Comment by Akash (akash-wasil) on New voluntary commitments (AI Seoul Summit) · 2024-05-21T16:40:25.060Z · LW · GW

You can still have the RSP commitment rule be a foundation for actually effective policies down the line

+1. I do think it's worth noting, though, that RSPs might not be a sensible foundation for effective policies.

One of my colleagues recently mentioned that the voluntary commitments from labs are much weaker than some of the things that the G7 Hiroshima Process has been working on. 

More tangibly, it's quite plausible to me that policymakers who think about AI risks from first principles would produce things that are better and stronger than "codify RSPs." Some thoughts:

  • It's plausible to me that when the RSP concept was first being developed, it was a meaningful improvement on the status quo, but the Overton Window & awareness of AI risk has moved a lot since then.
  • It's plausible to me that RSPs set a useful "floor"– like hey this is the bare minimum.
  • It's plausible to me that RSPs are useful for raising awareness about risk– like hey look, OpenAI and Anthropic are acknowledging that models might soon have dangerous CBRN capabilities. 

But there are a lot of implicit assumptions in the RSP frame like "we need to have empirical evidence of risk before we do anything" (as opposed to an affirmative safety frame), "we just need to make sure we implement the right safeguards once things get dangerous" (as opposed to a frame that recognizes we might not have time to develop such safeguards once we have clear evidence of danger), and "AI development should roughly continue as planned" (as opposed to a frame that considers alternative models, like public-private partnerships). 

More concretely, I would rather see policy based on things like the recent Bengio paper than RSPs. Examples:

Despite evaluations, we cannot consider coming powerful frontier AI systems “safe unless proven unsafe.” With present testing methodologies, issues can easily be missed. Additionally, it is unclear whether governments can quickly build the immense expertise needed for reliable technical evaluations of AI capabilities and societal-scale risks. Given this, developers of frontier AI should carry the burden of proof to demonstrate that their plans keep risks within acceptable limits.

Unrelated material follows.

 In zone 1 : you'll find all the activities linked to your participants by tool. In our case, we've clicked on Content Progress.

By doing so, they would follow best practices for risk management from industries, such as aviation, medical devices, and defense software, in which companies make safety cases

Commensurate mitigations are needed for exceptionally capable future AI systems, such as autonomous systems that could circumvent human control. Governments must be prepared to license their development, restrict their autonomy in key societal roles, halt their development and deployment in response to worrying capabilities, mandate access controls, and require information security measures robust to state-level hackers until adequate protections are ready. Governments should build these capacities now.

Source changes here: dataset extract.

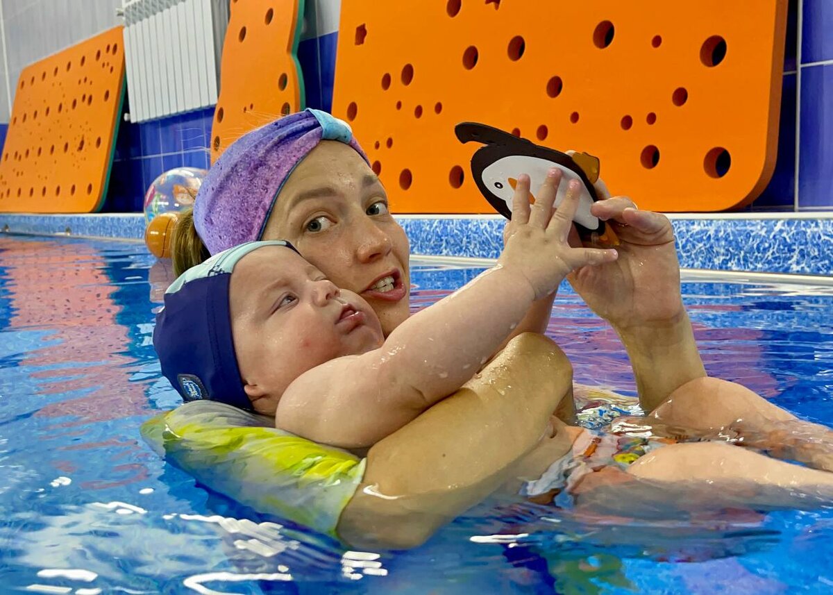 “Максим пришел на первое занятие в бассейн, когда ему было 2 месяца, тогда он еще не держал голову. На занятиях прививали любовь к воде и адаптировали малыша: долго лежали на спинке

Sometimes advocates of RSPs say "these are things that are compatible with RSPs", but overall I have not seen RSPs/PFs/FSFs that are nearly this clear about the risks, this clear about the limitations of model evaluations, or this clear about the need for tangible regulations.

I've feared previously (and continue to fear) that there are some motte-and-bailey dynamics at play with RSPs, where proponents of RSPs say privately (and to safety people) that RSPs are meant to have strong commitments and inspire strong regulation, but then in practice the RSPs are very weak and end up conveying and overly-rosy picture to policymakers.

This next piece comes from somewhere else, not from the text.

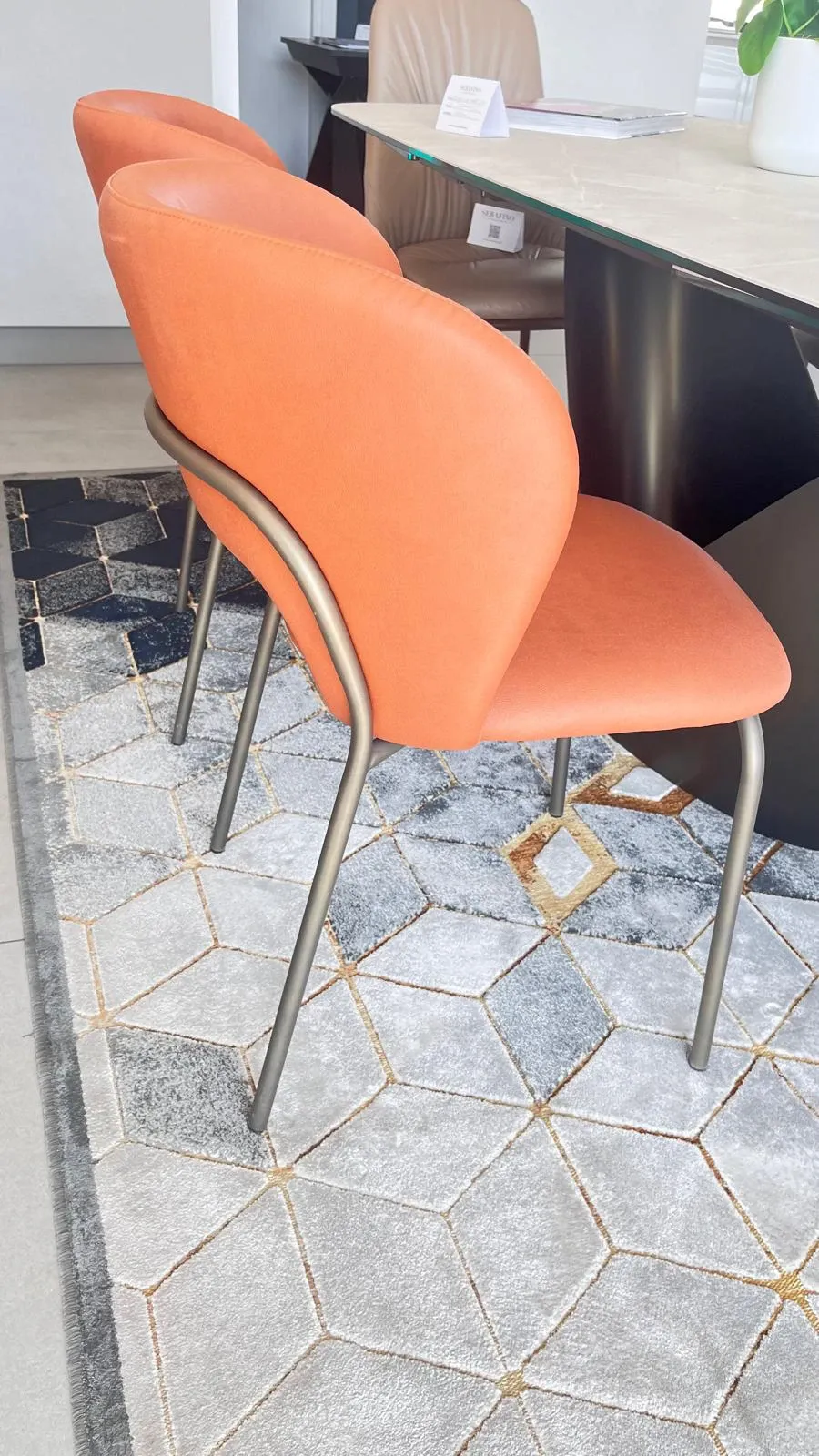SEDIA BABYLON DI ZAMAGNA. SCHIENALE E SEDUTA IN TESSUTO ANTIMACCHIA IDROREPELLETE IN SIMILPELLE. STRUTTURA IN METALLO BRONZO. L53 X P.58X H.48-81

Comment by Akash (akash-wasil) on New voluntary commitments (AI Seoul Summit) · 2024-05-21T16:22:45.318Z · LW · GW

I don't think the term is established, except within a small circle of EA/AIS people. The vast majority of policymakers do not know what RSPs are– they do know what "voluntary commitments" are. 

(We might just disagree here, doesn't seem like it's worth a big back-and-forth.)

Comment by Akash (akash-wasil) on Open Thread Spring 2024 · 2024-05-21T12:53:11.486Z · LW · GW

+1. Also curious about Jade Leung (formerly Open AI)– she's currently the CTO for the UK AI Safety Institute. Also Geoffrey Irving (formerly DeepMind), who is a research director at the UKAISI.